Record excerpts:
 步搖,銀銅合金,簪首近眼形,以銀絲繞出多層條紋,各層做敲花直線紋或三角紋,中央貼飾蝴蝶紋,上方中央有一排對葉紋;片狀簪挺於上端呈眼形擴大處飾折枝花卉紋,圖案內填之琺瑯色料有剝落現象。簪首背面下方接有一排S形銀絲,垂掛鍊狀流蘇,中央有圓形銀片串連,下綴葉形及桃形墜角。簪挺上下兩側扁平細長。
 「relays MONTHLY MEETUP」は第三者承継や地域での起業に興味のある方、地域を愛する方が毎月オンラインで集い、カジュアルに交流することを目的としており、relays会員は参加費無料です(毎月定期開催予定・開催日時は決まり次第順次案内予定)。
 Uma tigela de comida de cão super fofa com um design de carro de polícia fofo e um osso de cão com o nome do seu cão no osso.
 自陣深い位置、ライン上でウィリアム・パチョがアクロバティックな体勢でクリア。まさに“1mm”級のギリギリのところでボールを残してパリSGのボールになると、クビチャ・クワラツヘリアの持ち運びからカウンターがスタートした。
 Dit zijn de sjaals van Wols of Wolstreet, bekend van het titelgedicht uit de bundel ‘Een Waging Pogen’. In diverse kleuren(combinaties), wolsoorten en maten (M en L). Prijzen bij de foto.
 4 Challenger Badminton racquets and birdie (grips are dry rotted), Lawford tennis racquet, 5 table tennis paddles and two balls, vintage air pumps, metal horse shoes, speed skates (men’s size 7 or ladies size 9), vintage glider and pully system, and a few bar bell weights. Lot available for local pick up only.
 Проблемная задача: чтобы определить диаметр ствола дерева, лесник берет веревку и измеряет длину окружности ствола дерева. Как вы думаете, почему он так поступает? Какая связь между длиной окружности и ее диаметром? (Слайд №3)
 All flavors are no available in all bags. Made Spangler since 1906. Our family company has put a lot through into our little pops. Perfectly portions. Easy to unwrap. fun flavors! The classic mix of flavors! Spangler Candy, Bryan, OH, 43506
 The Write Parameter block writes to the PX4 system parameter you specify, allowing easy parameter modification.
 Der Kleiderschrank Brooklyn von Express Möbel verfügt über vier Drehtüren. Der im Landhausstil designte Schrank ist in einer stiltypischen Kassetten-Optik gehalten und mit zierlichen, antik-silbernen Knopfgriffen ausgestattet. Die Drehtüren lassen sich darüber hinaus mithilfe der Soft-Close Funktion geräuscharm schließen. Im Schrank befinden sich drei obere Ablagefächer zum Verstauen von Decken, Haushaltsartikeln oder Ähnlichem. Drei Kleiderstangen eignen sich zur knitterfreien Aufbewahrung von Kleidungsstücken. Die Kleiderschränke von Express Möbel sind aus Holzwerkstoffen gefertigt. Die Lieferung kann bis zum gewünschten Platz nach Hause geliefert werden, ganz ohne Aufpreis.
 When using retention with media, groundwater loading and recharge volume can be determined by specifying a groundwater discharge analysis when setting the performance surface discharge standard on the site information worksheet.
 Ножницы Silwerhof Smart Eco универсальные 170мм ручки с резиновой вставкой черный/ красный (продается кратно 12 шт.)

About this exercise: Locate the word "system" in the entries, and copy every line where it is found.

Result:
 4 Challenger Badminton racquets and birdie (grips are dry rotted), Lawford tennis racquet, 5 table tennis paddles and two balls, vintage air pumps, metal horse shoes, speed skates (men’s size 7 or ladies size 9), vintage glider and pully system, and a few bar bell weights. Lot available for local pick up only.
 The Write Parameter block writes to the PX4 system parameter you specify, allowing easy parameter modification.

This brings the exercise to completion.